╔══

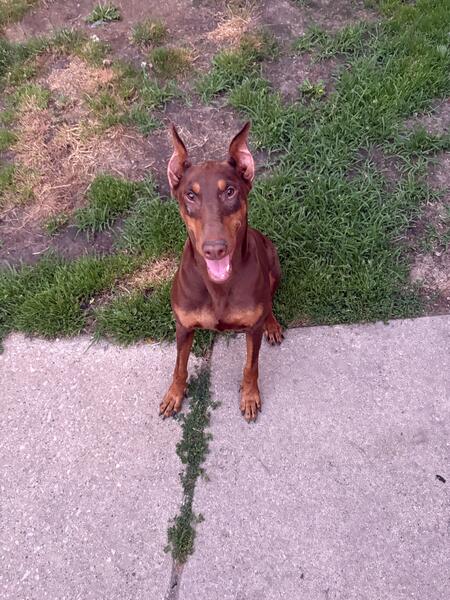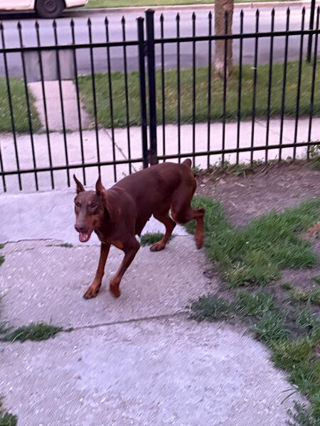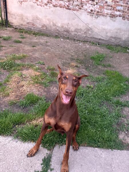 Red female doberman . Borned July 9 2020. Looking for new home. She comes with AKC papers
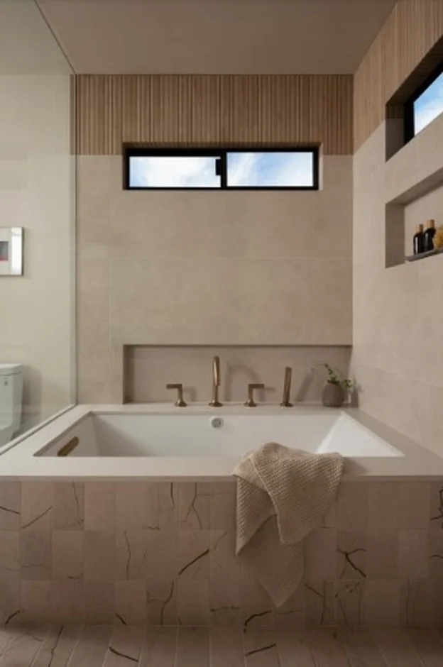The design emphasizes clean lines, layered textures, and subtle luxury — vertical wood slat accents add warmth and visual interest, while large-format porcelain tiles provide a calm, understated backdrop. Strategic niches, natural light from clerestory windows, and carefully selected fixtures elevate functionality without sacrificing elegance.
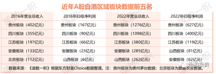 与上轮白酒黄金十年中只有头部几家酒企全国化不同,此轮白酒复苏中,多家地方白酒公司纷纷发力省外市场的同时,纷纷推出中高端产品,白酒公司激战正酣。 抓住此轮白酒复苏机遇、产品结构及时升级的酒企,业绩纷纷大涨。同时,亦有部分公司错失了此轮红利。 从营业总收入来看,2016年,贵州板块凭借贵州茅台(600519.SH)的402亿元,高居榜首。四川、江苏、安徽、北京分居第二位至第五位。2022年该数据排名中,贵州、四川、江苏、安徽仍分居前四,山西板块凭借山西汾酒(600809.SH)的高歌猛进,取代北京进入前五。 白酒总收入前四名板块中,除川酒板块跟上黔酒板块的步伐,苏酒板块、皖酒板块与行业老大的差距在拉大。2016年和2022年,黔酒板块营收与苏酒板块、皖酒板块之间数据相比,优势由2.04倍、3.02倍,分别扩大至3.36倍、4.48倍。
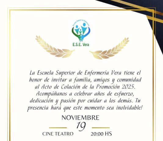 Invitan al acto de colación de egresados 2025 de la Escuela de Enfermería de Vera
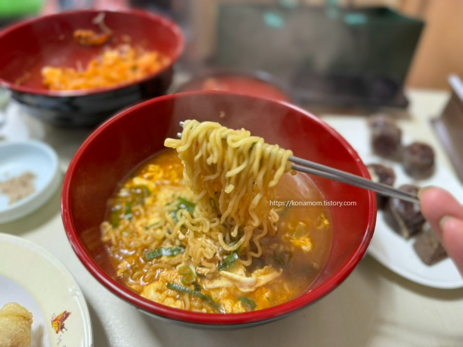 꼬들한 라면! 집에서는 항상 면이 퍼지는데, 수봉분식 라면은 다 먹을 때까지 꼬들합니다.
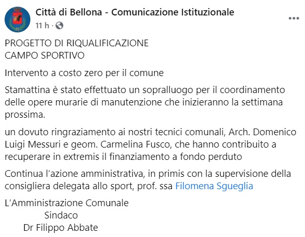 Questo quanto apprendiamo dalla pagina fb del Comune di Bellona: "PROGETTO DI RIQUALIFICAZIONE CAMPO SPORTIVO Intervento a costo zero per il comune Stamattina è stato effettuato un sopralluogo per il coordinamento delle opere murarie di manutenzione che inizieranno la settimana prossima. un dovuto ringraziamento ai nostri tecnici comunali, Arch. Domenico Luigi Messuri e geom. Carmelina Fusco, che hanno contribuito a recuperare in extremis il finanziamento a fondo perduto Continua l’azione amministrativa, in primis con la supervisione della consigliera delegata allo sport, prof. ssa Filomena Sgueglia L’Amministrazione Comunale Sindaco Dr Filippo Abbate"
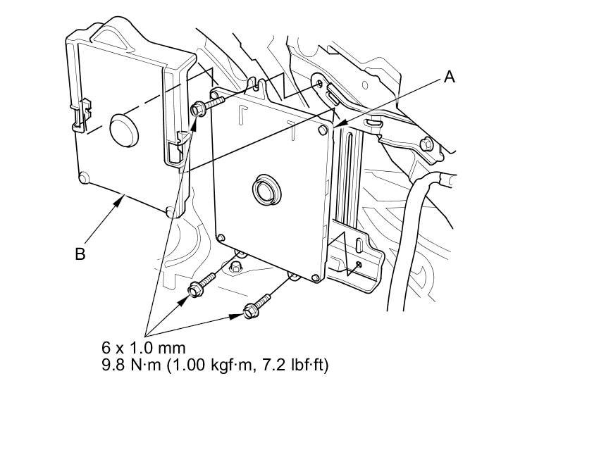 61. Install the ECM/PCM (A), then install the ECM/PCM cover (B).
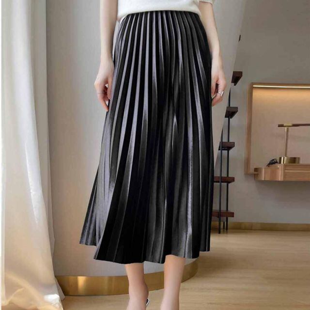 商品名:スカート ロング プリーツスカート 黒 無地スカート ひざ下 フレアスカート ハイウェスト ボトムス 着痩せ 通勤 オシャレ(メール便送料無料)
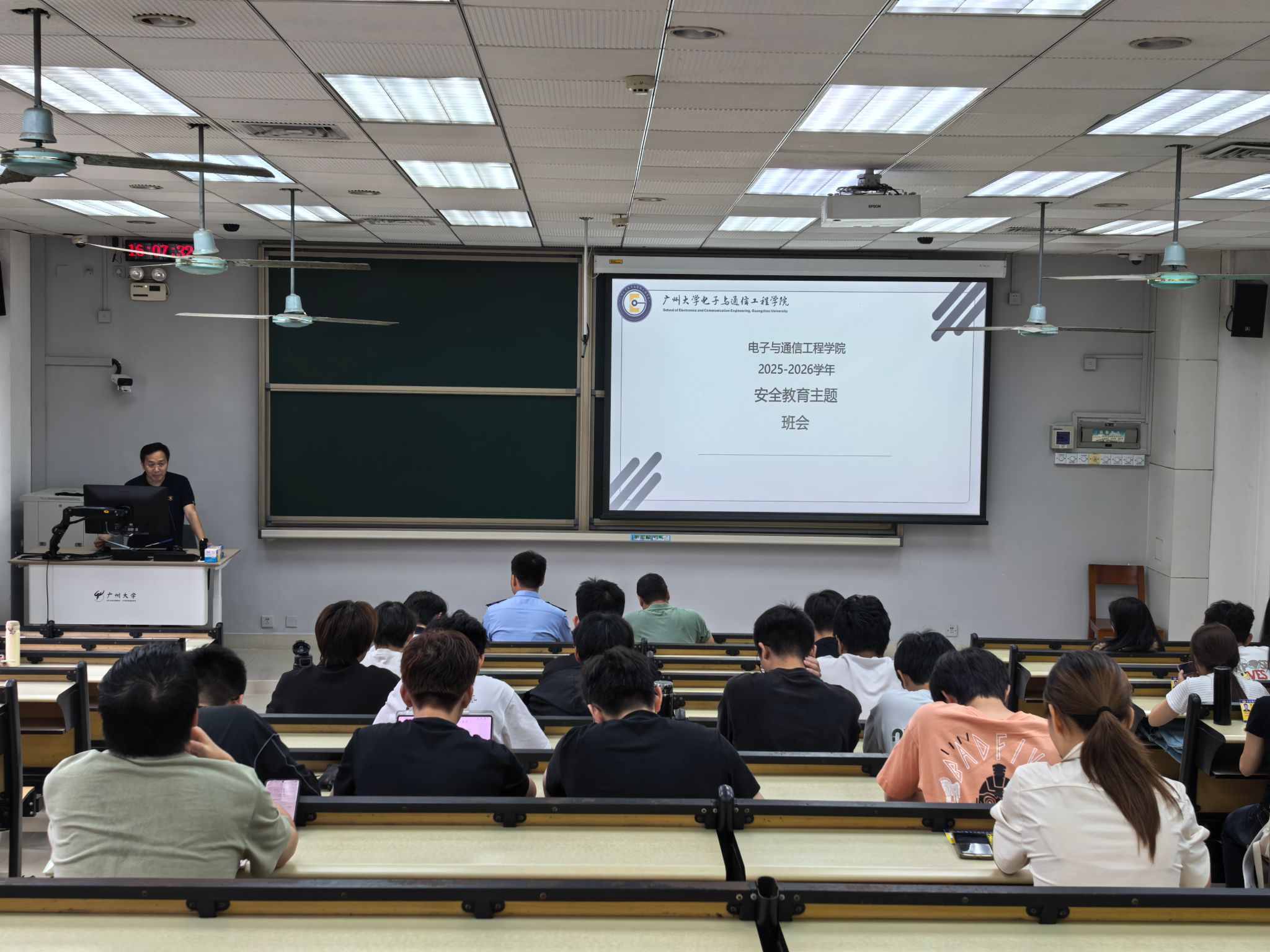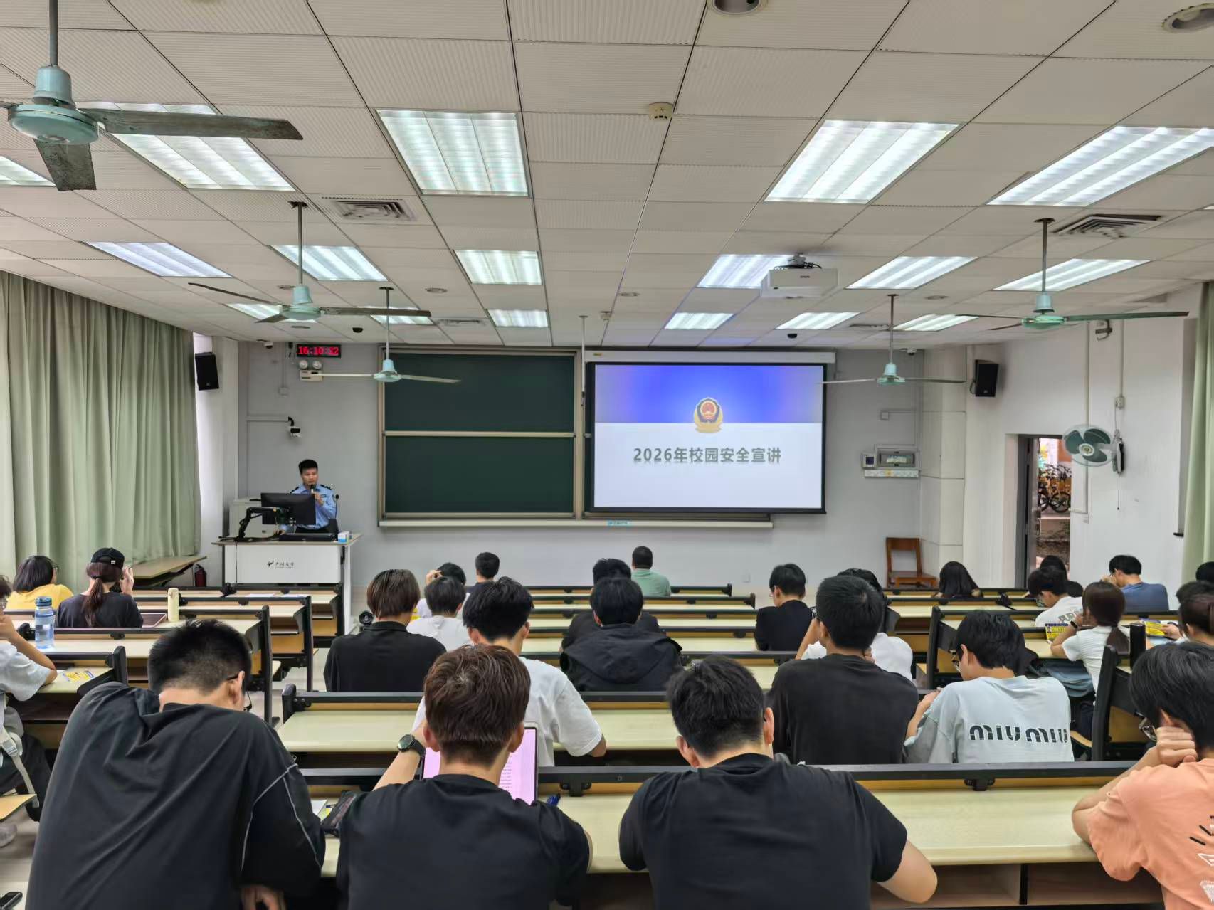 保卫处朱老师围绕校园安全综合管理、突发事件应急处置、日常安全防范规范等内容进行系统普及。他结合校园安全管理实际要求,详细讲解了校园治安防控、宿舍出入登记、贵重物品保管、外卖及个人财物防盗、消防疏散路线、应急报警流程等关键事项,明确了校园安全隐患上报渠道与规范处置流程。
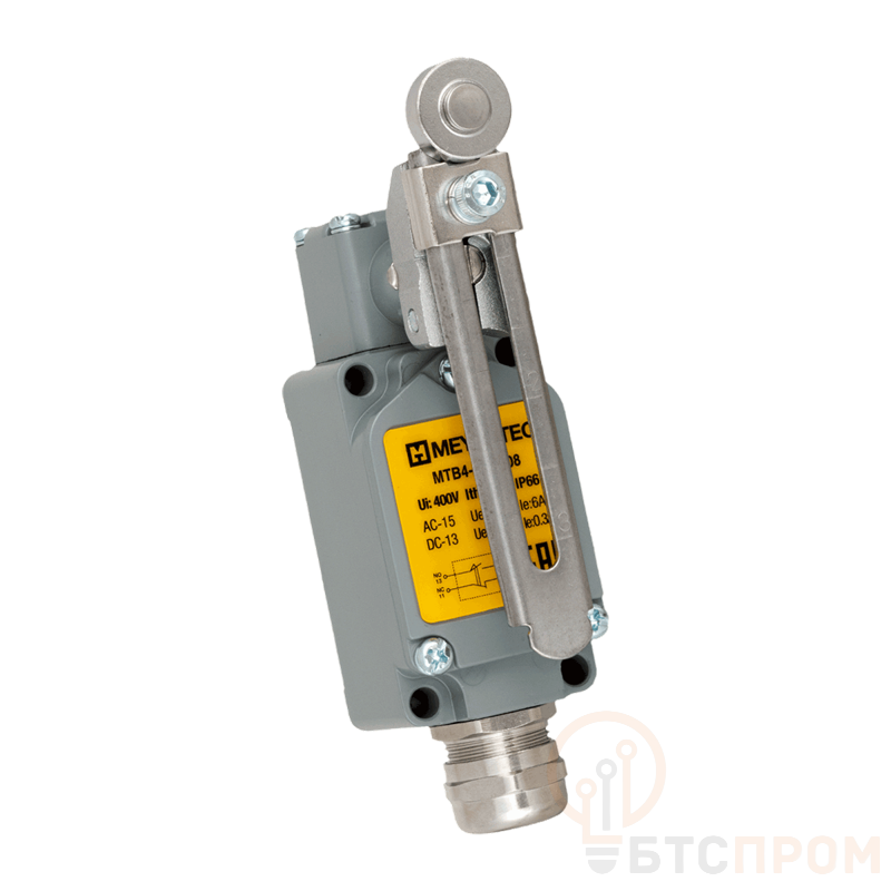 Выключатель концевой MTB4-HD5108 от ОВЕН — надежный и долговечный датчик позиционирования для промышленных систем автоматизации. Модель оснащена стальным поворотным регулируемым роликом, что позволяет точно настраивать момент срабатывания. Корпус имеет степень защиты IP66, обеспечивая полную защиту от пыли и мощных водяных струй, что делает устройство устойчивым к тяжелым условиям эксплуатации.
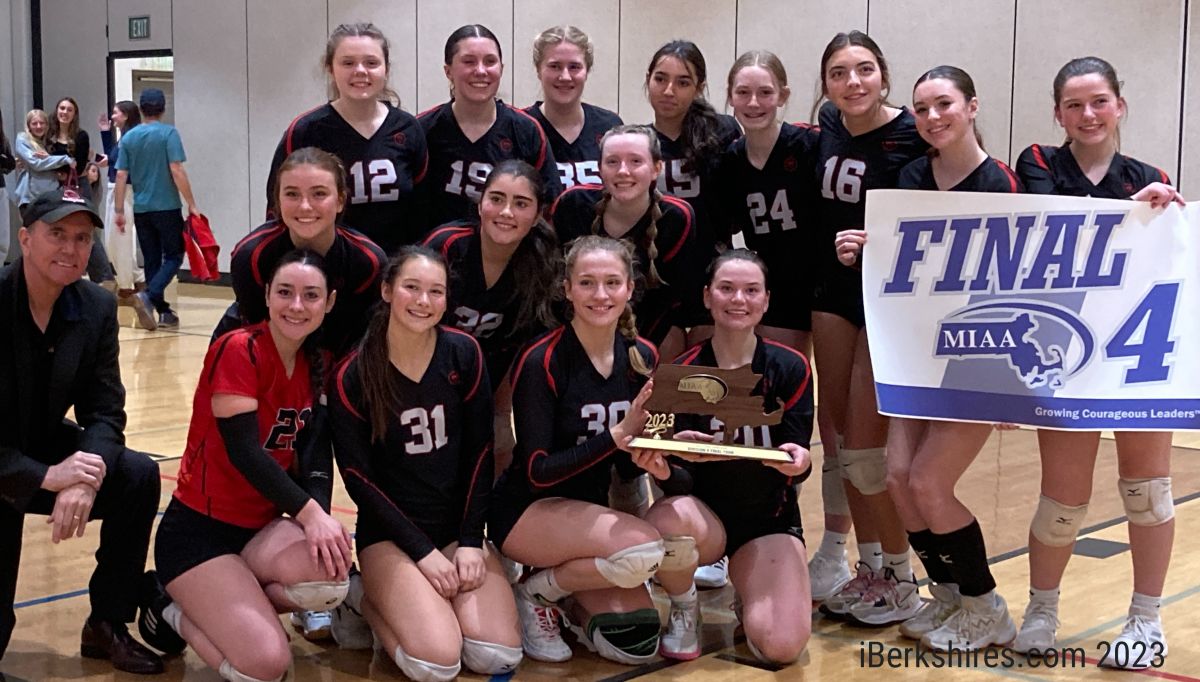 Mount Greylock took the lead early in the second set with a four-point run on the serve of Kelsey MacHaffie (four aces, one kill). It then steadily built its margin, not allowing the Lions to win a point on their serve the rest of the way.
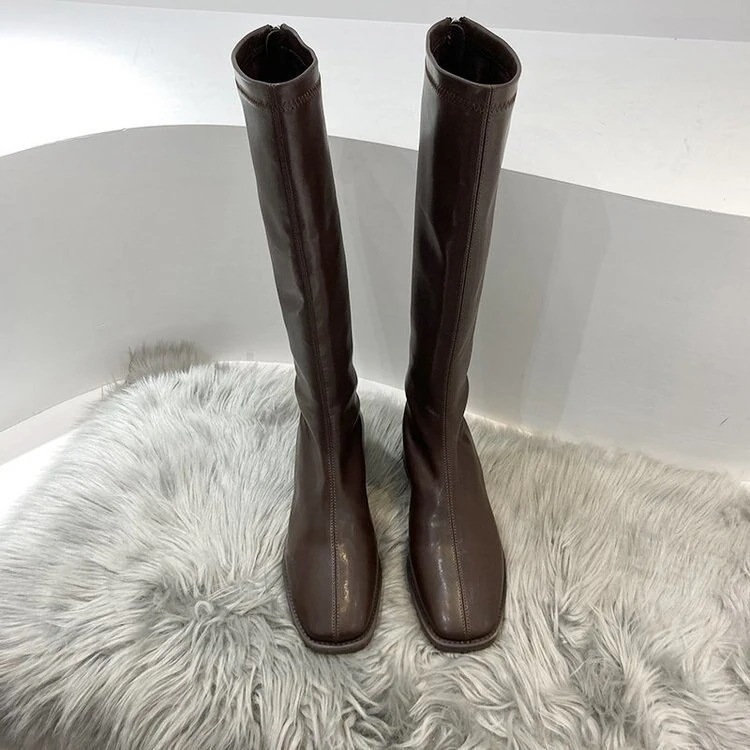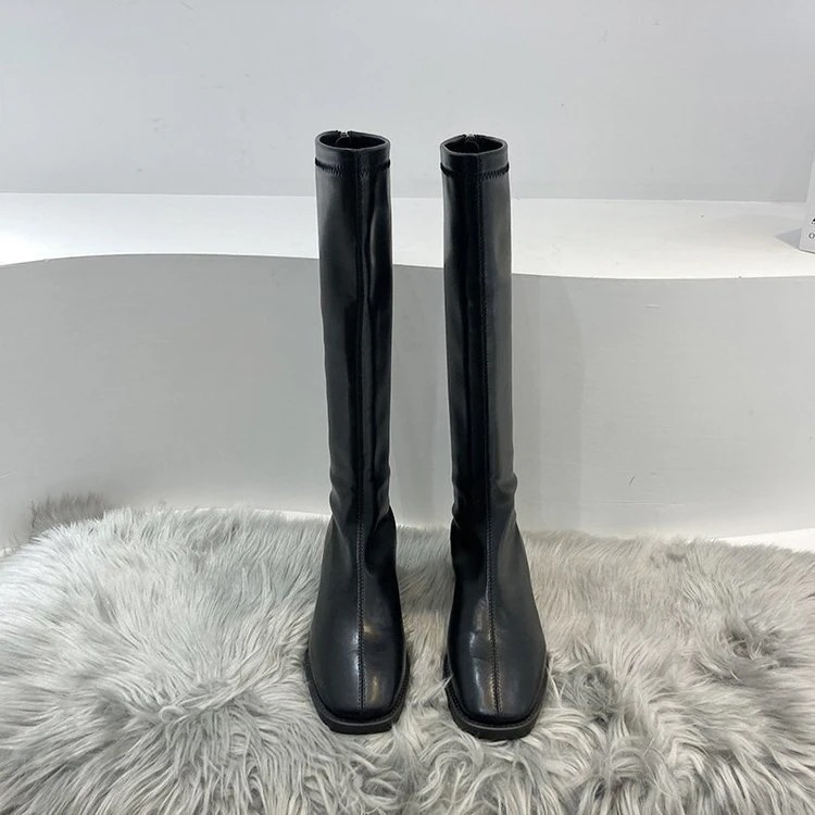 韩国 上新2024秋冬定番ロングブーツ太ヒール 美脚 舒适性 百掛け 騎士ブーツロングブーツが復活!ロングブーツが復活!ロングブーツ

╚══

**Work instruction**
All entries are to be duplicated exactly, with the pictures left out.

**Reply to the task**
 Red female doberman . Borned July 9 2020. Looking for new home. She comes with AKC papers
The design emphasizes clean lines, layered textures, and subtle luxury — vertical wood slat accents add warmth and visual interest, while large-format porcelain tiles provide a calm, understated backdrop. Strategic niches, natural light from clerestory windows, and carefully selected fixtures elevate functionality without sacrificing elegance.
 与上轮白酒黄金十年中只有头部几家酒企全国化不同,此轮白酒复苏中,多家地方白酒公司纷纷发力省外市场的同时,纷纷推出中高端产品,白酒公司激战正酣。 抓住此轮白酒复苏机遇、产品结构及时升级的酒企,业绩纷纷大涨。同时,亦有部分公司错失了此轮红利。 从营业总收入来看,2016年,贵州板块凭借贵州茅台(600519.SH)的402亿元,高居榜首。四川、江苏、安徽、北京分居第二位至第五位。2022年该数据排名中,贵州、四川、江苏、安徽仍分居前四,山西板块凭借山西汾酒(600809.SH)的高歌猛进,取代北京进入前五。 白酒总收入前四名板块中,除川酒板块跟上黔酒板块的步伐,苏酒板块、皖酒板块与行业老大的差距在拉大。2016年和2022年,黔酒板块营收与苏酒板块、皖酒板块之间数据相比,优势由2.04倍、3.02倍,分别扩大至3.36倍、4.48倍。
 Invitan al acto de colación de egresados 2025 de la Escuela de Enfermería de Vera
 꼬들한 라면! 집에서는 항상 면이 퍼지는데, 수봉분식 라면은 다 먹을 때까지 꼬들합니다.
 Questo quanto apprendiamo dalla pagina fb del Comune di Bellona: "PROGETTO DI RIQUALIFICAZIONE CAMPO SPORTIVO Intervento a costo zero per il comune Stamattina è stato effettuato un sopralluogo per il coordinamento delle opere murarie di manutenzione che inizieranno la settimana prossima. un dovuto ringraziamento ai nostri tecnici comunali, Arch. Domenico Luigi Messuri e geom. Carmelina Fusco, che hanno contribuito a recuperare in extremis il finanziamento a fondo perduto Continua l’azione amministrativa, in primis con la supervisione della consigliera delegata allo sport, prof. ssa Filomena Sgueglia L’Amministrazione Comunale Sindaco Dr Filippo Abbate"
 61. Install the ECM/PCM (A), then install the ECM/PCM cover (B).
 商品名:スカート ロング プリーツスカート 黒 無地スカート ひざ下 フレアスカート ハイウェスト ボトムス 着痩せ 通勤 オシャレ(メール便送料無料)
 保卫处朱老师围绕校园安全综合管理、突发事件应急处置、日常安全防范规范等内容进行系统普及。他结合校园安全管理实际要求,详细讲解了校园治安防控、宿舍出入登记、贵重物品保管、外卖及个人财物防盗、消防疏散路线、应急报警流程等关键事项,明确了校园安全隐患上报渠道与规范处置流程。
 Выключатель концевой MTB4-HD5108 от ОВЕН — надежный и долговечный датчик позиционирования для промышленных систем автоматизации. Модель оснащена стальным поворотным регулируемым роликом, что позволяет точно настраивать момент срабатывания. Корпус имеет степень защиты IP66, обеспечивая полную защиту от пыли и мощных водяных струй, что делает устройство устойчивым к тяжелым условиям эксплуатации.
 Mount Greylock took the lead early in the second set with a four-point run on the serve of Kelsey MacHaffie (four aces, one kill). It then steadily built its margin, not allowing the Lions to win a point on their serve the rest of the way.
 韩国 上新2024秋冬定番ロングブーツ太ヒール 美脚 舒适性 百掛け 騎士ブーツロングブーツが復活!ロングブーツが復活!ロングブーツ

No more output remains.